From FPBarthel on 2018-10-17
Hi @LeeTL1220 I successfully used your recent GATK4 [workflow](https://github.com/broadinstitute/gatk/pull/5252 “workflow”) (part of 4.0.10.1 release) to generate `acs.seg` file for some cancer genome data. However using ABSOLUTE 1.0.6, I am unable to import these files using `RunAbsolute()`, which requires and R object as input. Am currently trying to figure out how to convert the `acs.seg` file into a siutable R object format. Do you have any pointers on how to do so?
From LeeTL1220 on 2018-10-18
@FPBarthel Unfortunately, ABSOLUTE is maintained by a different group. I have always had them set it up for me to run and I don’t have access to the source code/configuration. I currently run it through FireCloud (when I run it).
From FPBarthel on 2018-10-18
Thanks @LeeTL1220! After a bit more digging on Google, Github and message boards I came across a somewhat more recent version of ABSOLUTE [here](http://bcb.dfci.harvard.edu/~scarter/clonalevolutionsuite/ “here”) which does seem to support ACS input. It’s been giving a lot of errors but I’ve been able to address some of these with small code fixes and that seems to be fruitful. Is there anyone I can reach out to from the ABSOLUTE group you mention who may be able to give some additional insights?
From petr101 on 2019-01-23
Hi,
in what version of GATK I can find CallCNLoHAndSplits, please? I run successfully a whole workflow using GATK 4.beta.6 and at the last step I found out that CallCNLoHAndSplits is not there. Or is there any alternative to generate a ‘sim-final.acs.seg’ file using this version of GATK?
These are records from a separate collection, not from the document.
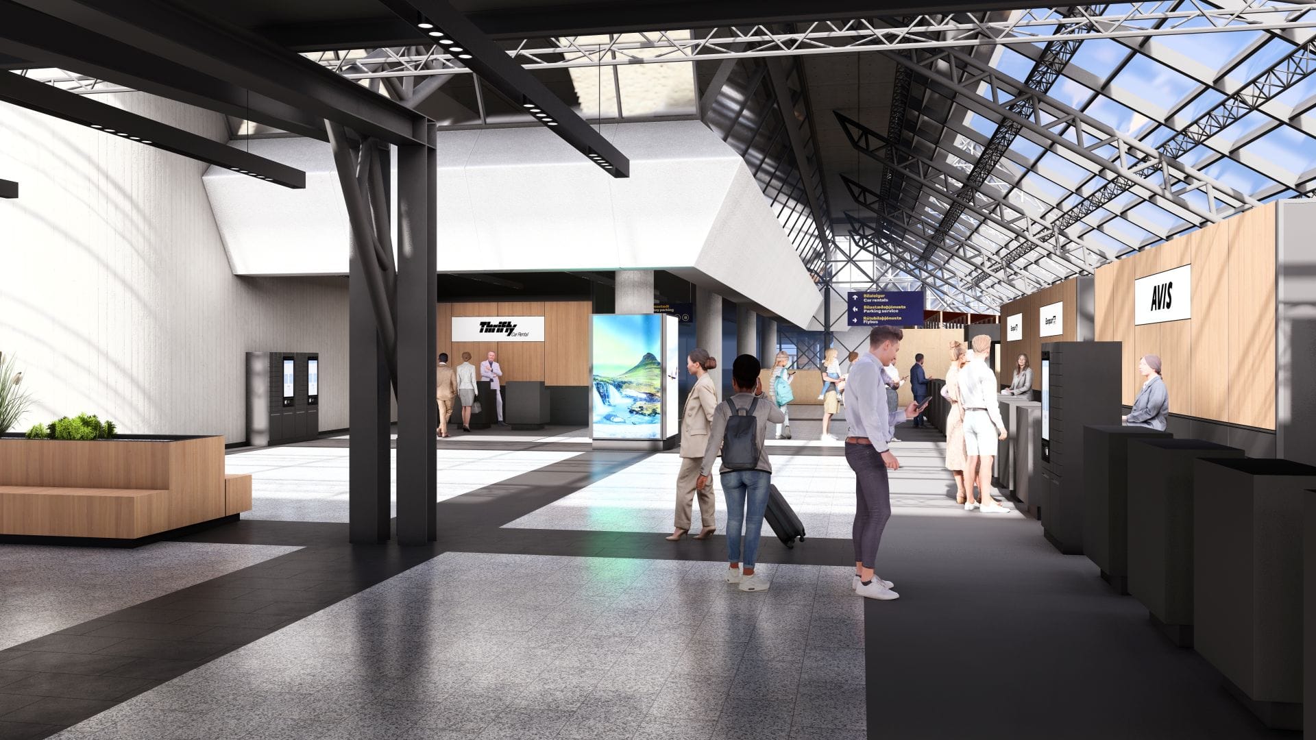 While construction of improved facilities for car rental companies is ongoing, their service has been moved to temporary facilities just outside the terminal. It is expected that this work will be completed in the spring, when the new service counters will be brought into use. At the same time, the number of car rental companies with facilities inside the terminal will increase from three to four.
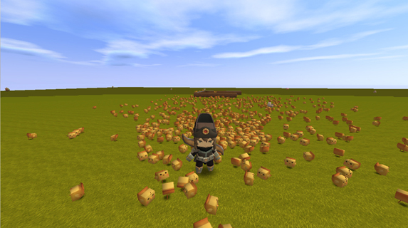 我老胖哒想要整蛊岚小南,当小南开始移动的时候,他身边就会出现10只小鸡。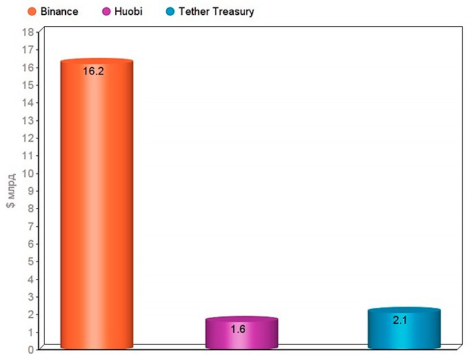 - Большая часть монет расположена на балансах криптобирж (около 70%). А 5% заблокирована в смарт-контрактах DeFi. Лидер — биржа Binance, которая в августе 2021 г. хранила 16+ млрд токенов, сгенерированных через протокол TRON. На втором месте шла платформа Huobi Global (1 865 000 000 USDT тоже стандарта TRC-20).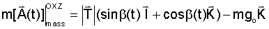 Next we write the acceleration in component form, remove "time-dependence" from the angle, β then scalar multiply the(3) by the unit vectors I, then K. Two scalar equations result to be solved: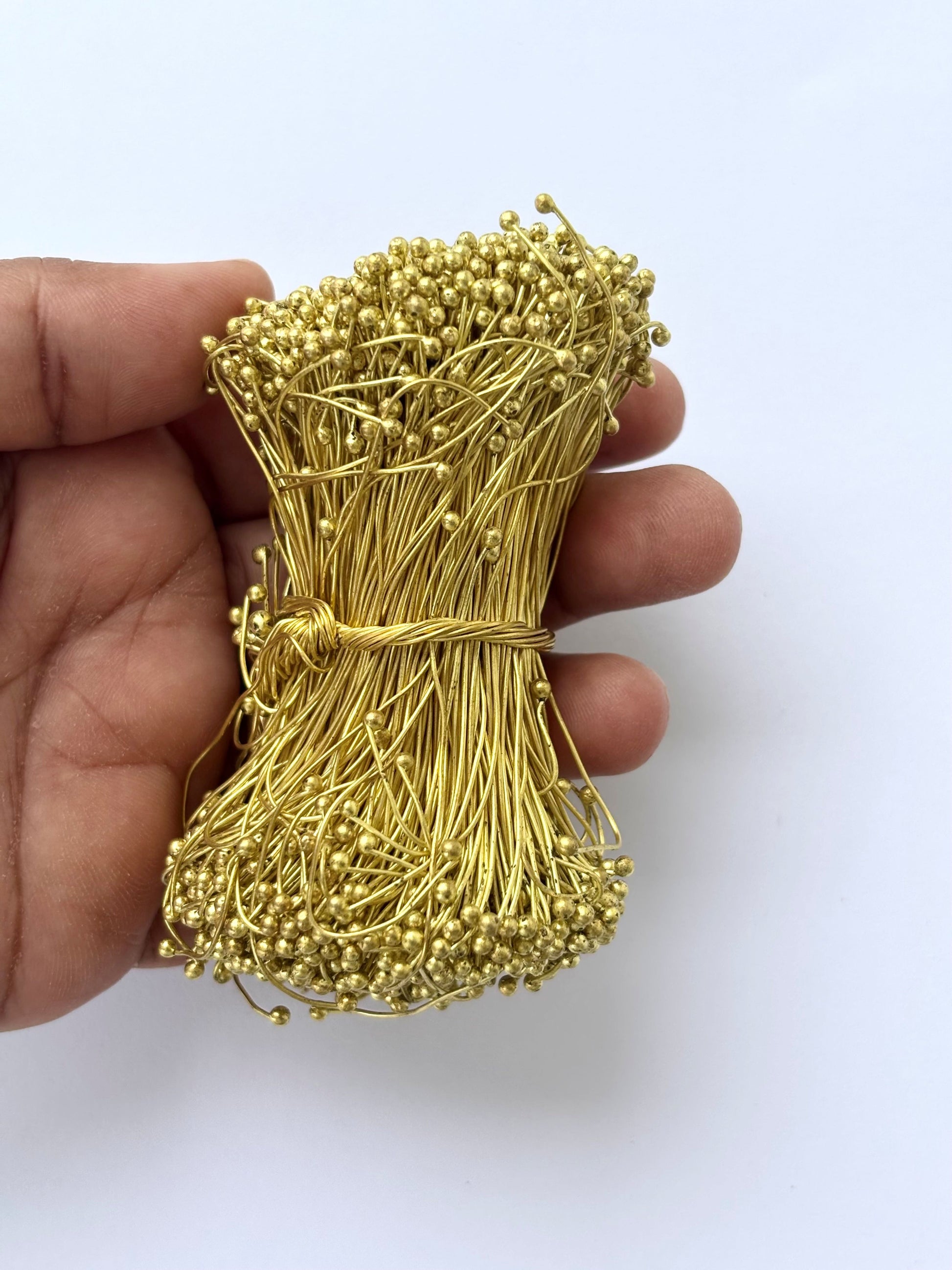 Create beautiful dangles for earrings, pendants, and charms with this essential bundle of high-quality, flexible gold ball head pins. Pack of 50 grams. Size 24 gauge or 0.51mm thickness. Length 70mm or 3 inches.
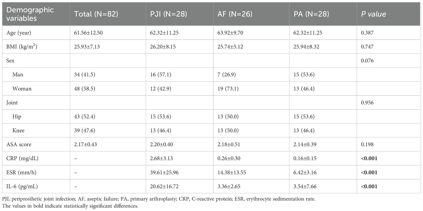 Ultimately, this prospective study included 82 patients, with the baseline characteristics detailed in Table 1. The average age of the PJI patients in this group was 62.32 ± 11.25 years, with 16 men and 12 women. No significant demographic differences were observed among the three groups (all P>0.05).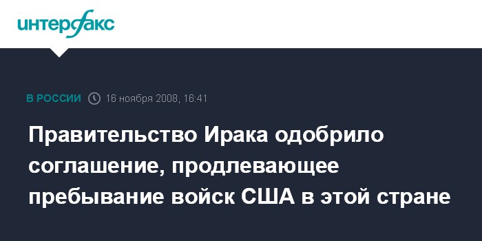 Лондон. 16 ноября. INTERFAX.RU - Правительство Ирака одобрило соглашение с США, в котором оговаривается статус американских войск в стране.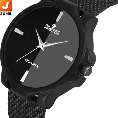 The SWISSTYLE Blue Dial Analog Watch for Men is a striking timepiece that combines modern design with reliable functionality. The most prominent feature of this watch is its vibrant blue dial, which offers a clean, eye-catching look. The silver-tone hour markers and hands contrast beautifully with the blue background, making it easy to read the time in any lighting. The round stainless steel case adds a sleek and polished touch, offering durability and elegance. The stainless steel or genuine leather strap (depending on the specific model) complements the dial perfectly, ensuring comfort and style. The strap is designed to fit securely on the wrist, providing both long-lasting wearability and a premium feel.
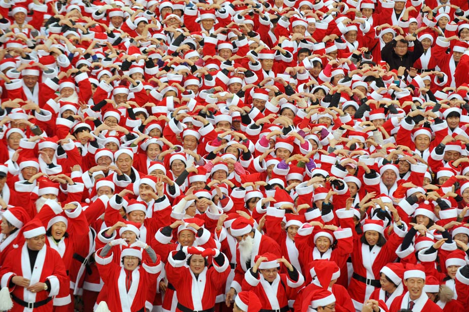 12月1日,韓國首都首爾市,一千多名“圣誕老人”舉行游行為社會慈善項目籌款。圖片來源:中國新聞網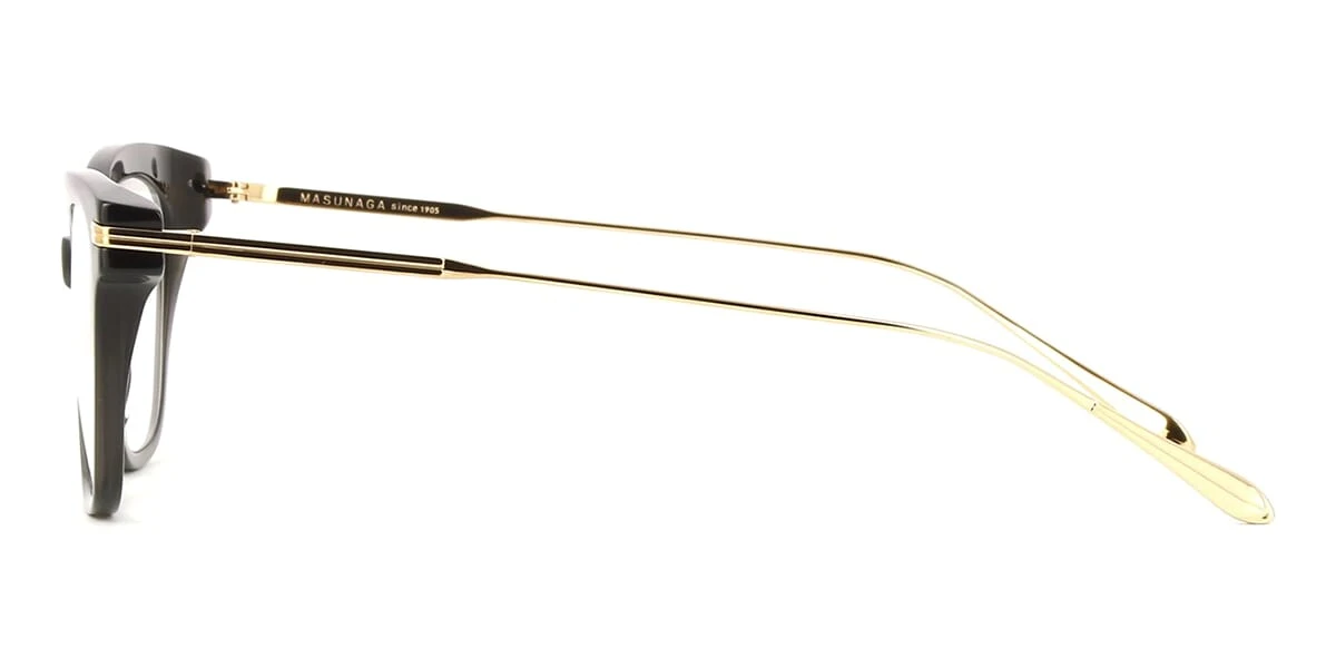 This cat eye Masunaga optical comes in a shiny black and gold frame.
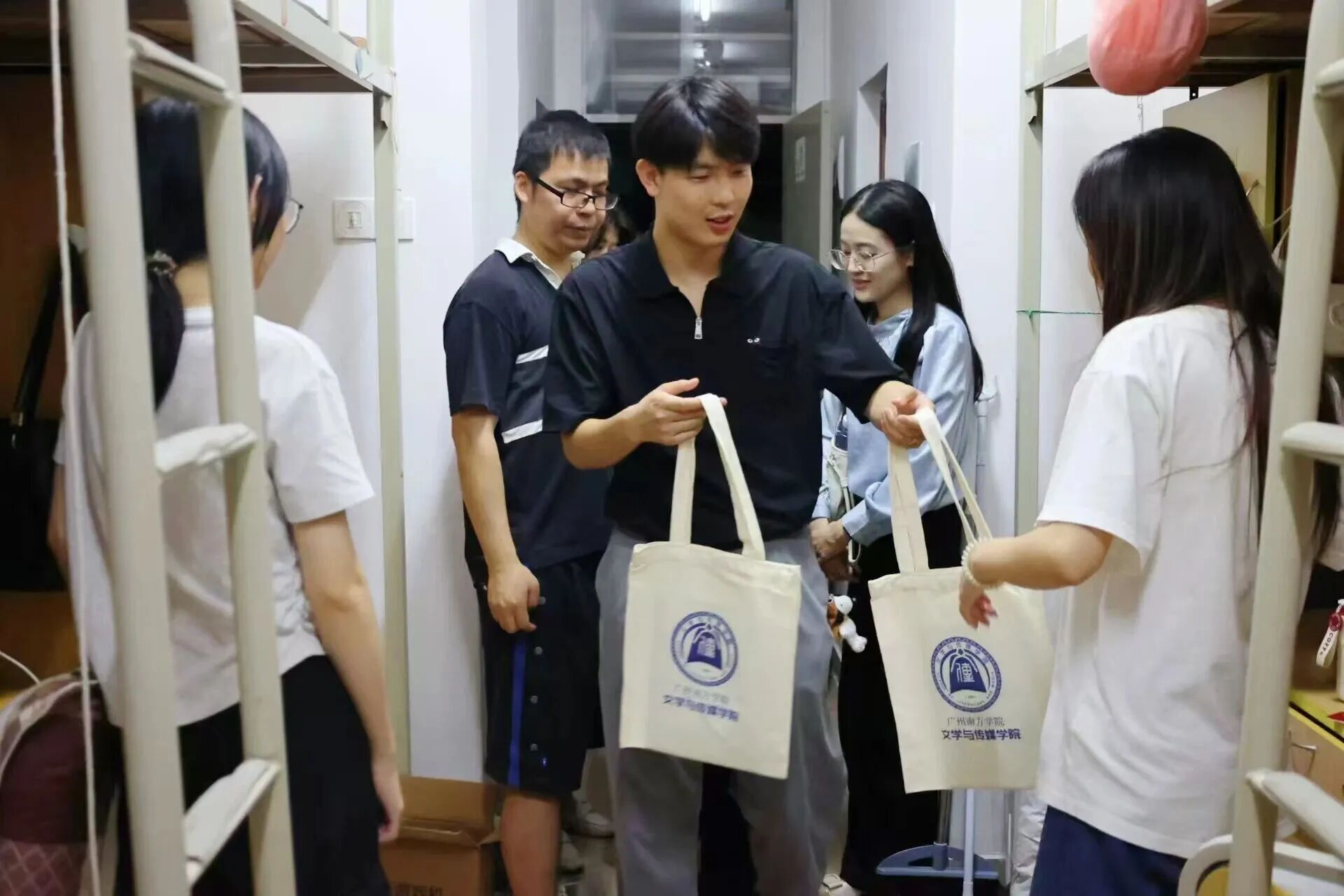 9月5日的专升本新生走访中,太阳成集团tyc234cc主页副院长游鸽副教授,新闻与传播系主任陈珂副教授、吴迎春老师、李婷老师,网络与新媒体系主任胡美香教授、常恒通老师、刘振老师,中国语言文学系李洋老师、刘睿芝老师、徐竹雅筠老师以及学院党总支副书记兼学生工作办公室主任杨乃杰老师、团委书记陈节老师、2023级专升本汉语言文学专业辅导员方亚东老师、2023级专升本新闻学和网络与新媒体专业辅导员许洋洋老师(各系部主任及辅导员团队)共同前往东旭园与西霞园宿舍,为刚刚入学的专升本同学送去温暖。游鸽副教授与新闻与新闻与传播系吴迎春老师一同为新生发放“童童”礼包,网络与新媒体系主任胡美香教授、中国语言文学系多位老师也与同学们交谈,了解他们的适应情况与未来规划,鼓励他们在新起点上踏实学习、勇敢逐梦。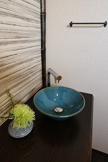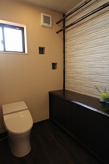 リフォーム後![]() ポイントクロスにアクセントの黒竹、収納の無垢板天板が和の空間を演出。 ![]() 手洗いボウルは陶磁器の持つ美しいデザイン、色味が和空間にマッチしています。 ![]() 2Fトイレ。オレンジ×こげ茶の配色がカジュアルな印象です。 |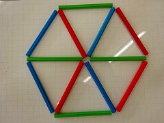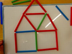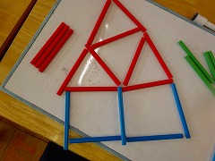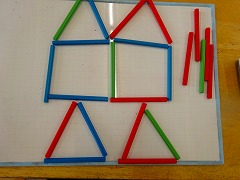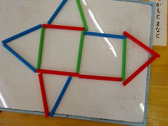 ↓ 1年算数 今日は点を結んで、形を作りました。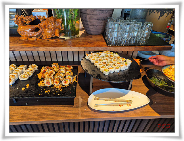 뷔페식 스시와 튀김 등을 마음대로 골라 먹고,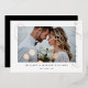 Ein zeitloses, klassisches und elegantes Hochzeitskartentchen mit einer modernen minimalen Ästhetik in klassischem Weiß & Schwarz mit echten Folienakzenten. Einfaches, elegantes Wappen aus echter Folie mit einfacher Typografie in modernem Layout. Benutzerdefiniertes Foto, das Paarmonogramm und die personalisierte Meldung auf der Rückseite. **Alle Farben können in Anzug Ihrer Hochzeitsfarbenpräferenz geändert werden. Karo unsere anderen passenden Hochzeitsartikel für diese Kollektion heraus.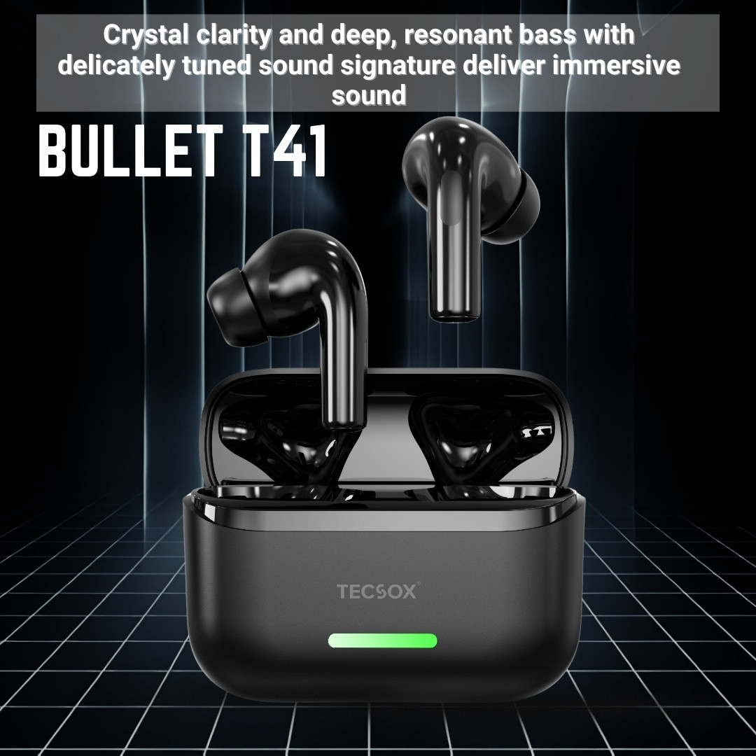 TECSOX Bullet T41 Wireless Earbuds 30H Playtime, Deep Bass, 13mm Drivers.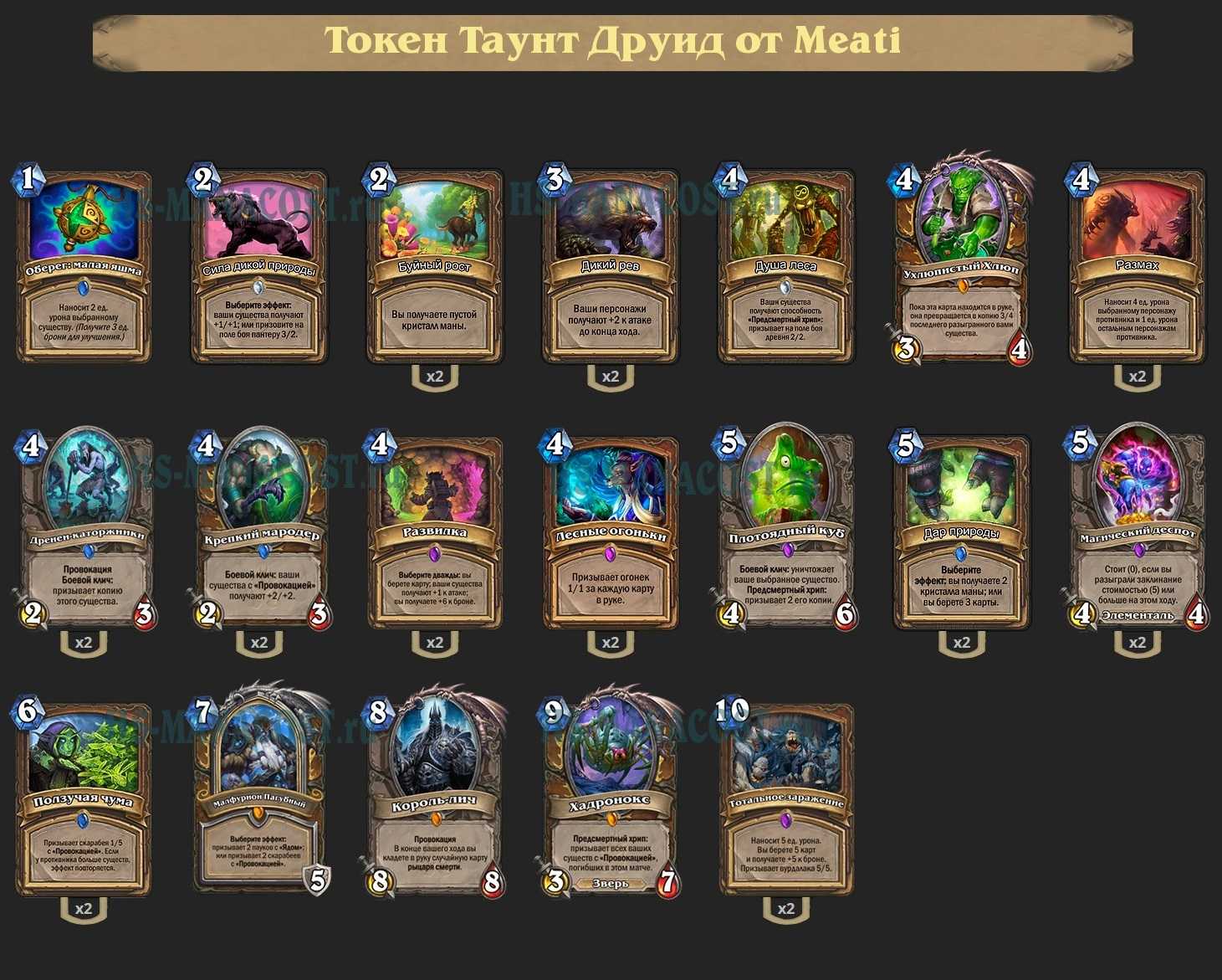 Игрок под никнеймом “Meati” нашел одно из самых шикарных решений для колоды Токен Друида. Гибрид Meati был весьма похож на смесь Таунт и Токен Друида. Такой вывод напрашивается прежде всего по причине того, что Meati смешал провокации с Ходроноксом, Королем Личем (который также является отличной провокацией, с мощными характеристиками) и Плотоядные кубы. Более детально мы рассмотрим данную модификацию деки от Меати немного ниже. Сейчас же хотелось бы немного поведать о колоде, в которой игра протекает при помощи “Учительницы магии”.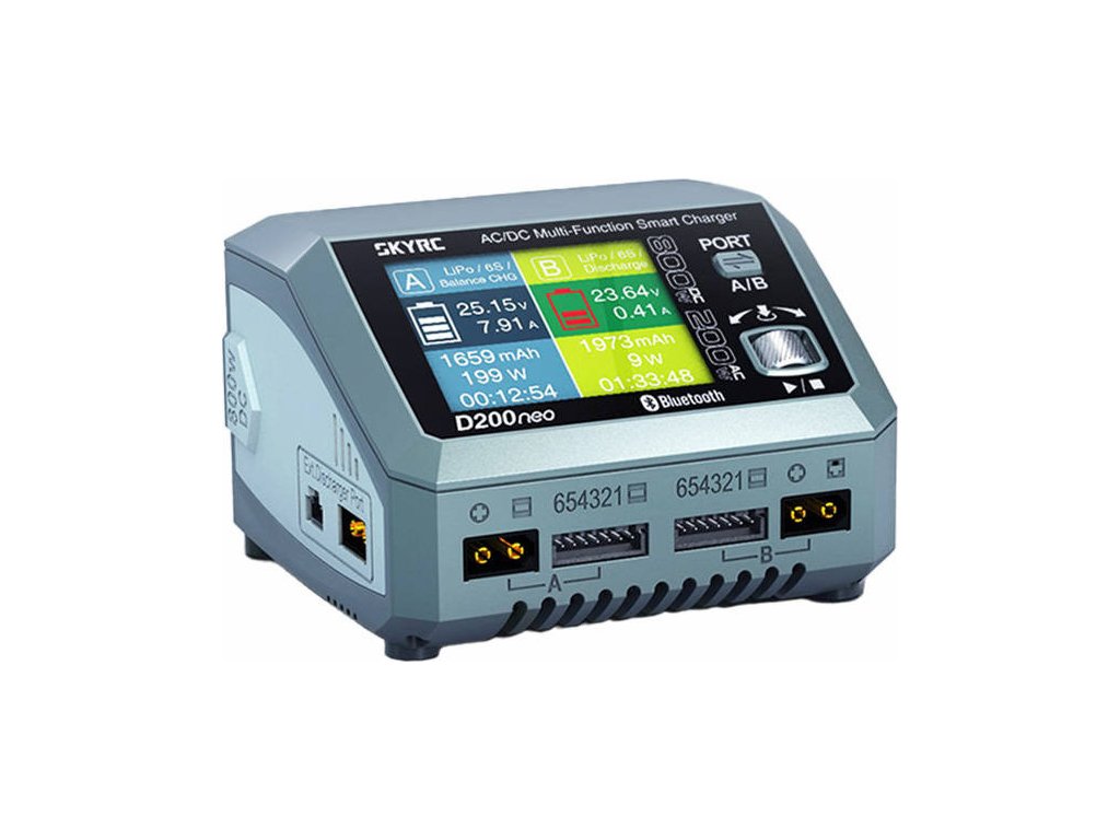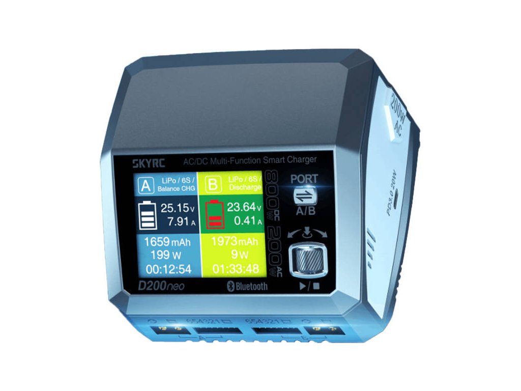 Zařízení SkyRC je vybaveno dvěma porty, které fungují nezávisle a zajišťují efektivní a současné nabíjení dvou baterií. Zařízení D200neo navíc nabízí možnost volby mezi vstupem střídavého a stejnosměrného proudu, čímž se přizpůsobí různým scénářům. V režimu střídavého proudu poskytuje nabíjecí výkon až 200 W, zatímco v režimu stejnosměrného proudu se výkon zvýší až na 800 W. Kromě toho můžete zvolit nabíjení stejnosměrným proudem s výkonem 800 W pro dosažení nejvyšší účinnosti nebo použít nabíjení střídavým proudem s výkonem 200 W a přizpůsobit tak jeho výkon svým specifickým potřebám. Model D200neo představuje absolutní revoluci ve světě RC nabíječek.

From jonathanYu on 2019-08-14
Hi,
I need the *-sim-final.acs.seg file as input of deTiN, so that I have to run step 3. However, I came across a problem on the installation of gatk-protected-1.0.0.0-alpha1.2.3. When running ‘./gradlew shadowJar’ , I got an error as below
Downloading https://services.gradle.org/distributions/gradle-2.13-all.zip
Unzipping /home/user/.gradle/wrapper/dists/gradle-2.13-all/1b9wlm73elu4cqnbc0rk7r7qn/gradle-2.13-all.zip to /home/user/.gradle/wrapper/dists/gradle-2.13-all/1b9wlm73elu4cqnbc0rk7r7qn
Set executable permissions for: /home/user/.gradle/wrapper/dists/gradle-2.13-all/1b9wlm73elu4cqnbc0rk7r7qn/gradle-2.13/bin/gradle
…..
Download https://repo1.maven.org/maven2/log4j/log4j/1.2.17/log4j-1.2.17.pom
FAILURE: Build failed with an exception.
BUILD FAILED
Can anyone help me to solve this problem?
From slee on 2019-08-16
@jonathanYu I would not recommend using gatk-protected or ACNV; these have been superseded by GATK4 and ModelSegments, which introduce many improvements.
The GATK4-equivalent of the internal scripts mentioned above can be found at https://github.com/broadinstitute/gatk/tree/master/scripts/unsupported/combine_tracks_postprocessing_cnv Note that these scripts are unsupported and use a number of questionable heuristics. However, you may find studying them useful in developing your own scripts.